SUPPLIED DATA Block Start
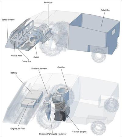 Устройство газонокосилки EcoMow: спереди расположены ножи, шнек и сушилка. В центре – газогенератор и одноцилиндровый электрогенератор, работающий на газу
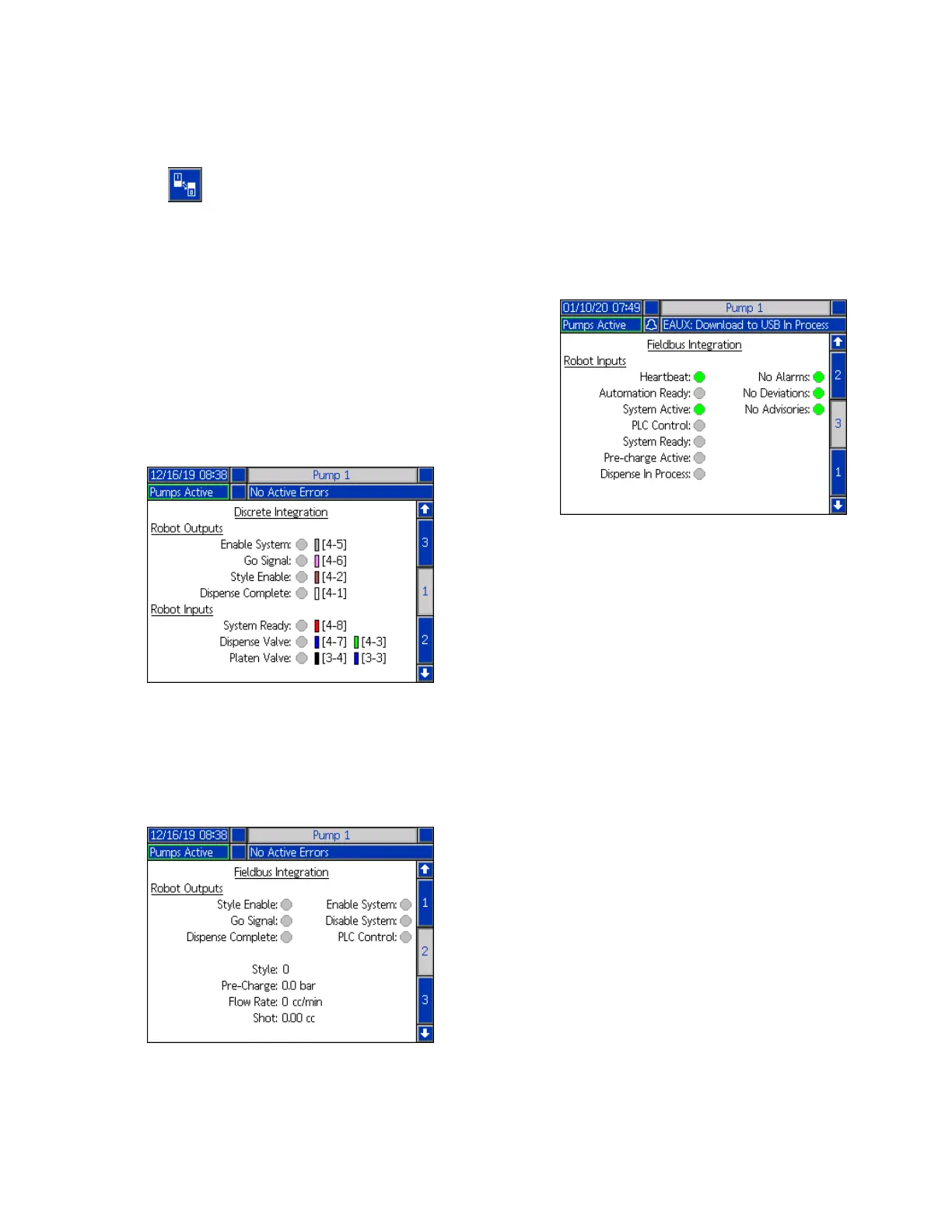 Fieldbus Integration Robot Outputs Screen
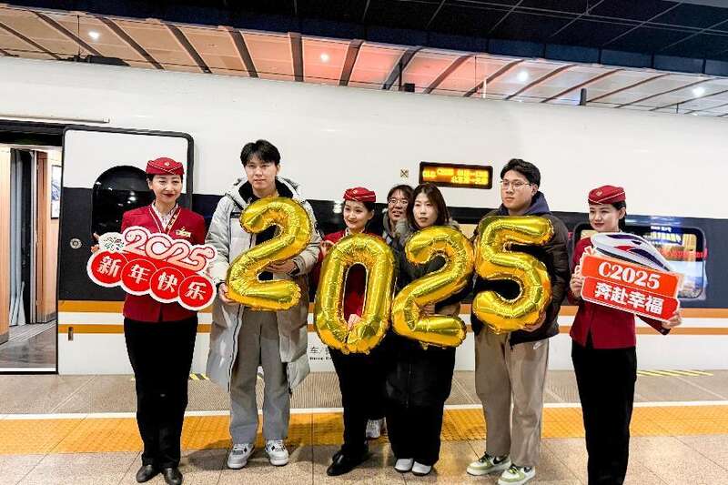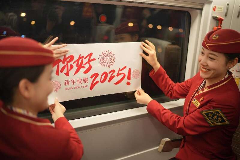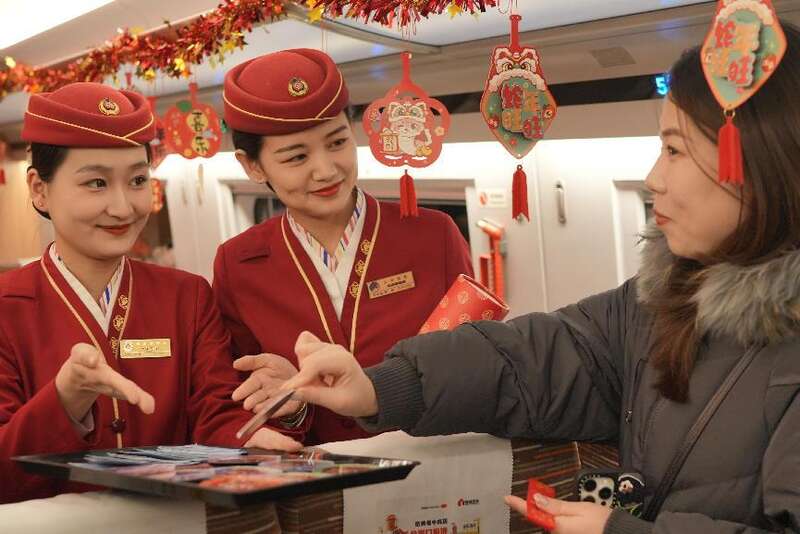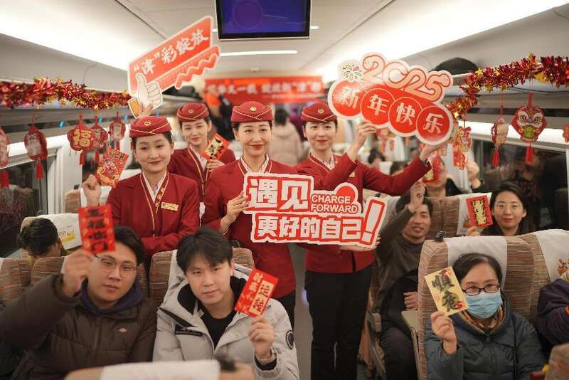 因车次与即将到来的新年数字“2025”恰好吻合,这趟列车被旅客们亲切地称为“2025新年城际列车”,车厢内喜庆的布置,让乘客们一上车就立刻被浓厚的新年氛围所感染。旅途中,乘务组与旅客互动,开展有奖问答,并赠送新年贺卡和蛇年吉祥冰箱贴等小礼物,车厢内时不时传来乘客们的阵阵掌声和笑声。
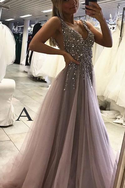 Sexy Grey Long Side Split Prom Dress,Sleeveless Tulle Evening Dress,Long Party Dress
SUPPLIED DATA Block End
#### PROBLEM STATEMENT
Would you copy out the material above exactly, without the pictures in it?

#### SOLVED EXERCISE
 Устройство газонокосилки EcoMow: спереди расположены ножи, шнек и сушилка. В центре – газогенератор и одноцилиндровый электрогенератор, работающий на газу
 Fieldbus Integration Robot Outputs Screen
 因车次与即将到来的新年数字“2025”恰好吻合,这趟列车被旅客们亲切地称为“2025新年城际列车”,车厢内喜庆的布置,让乘客们一上车就立刻被浓厚的新年氛围所感染。旅途中,乘务组与旅客互动,开展有奖问答,并赠送新年贺卡和蛇年吉祥冰箱贴等小礼物,车厢内时不时传来乘客们的阵阵掌声和笑声。
 Sexy Grey Long Side Split Prom Dress,Sleeveless Tulle Evening Dress,Long Party Dress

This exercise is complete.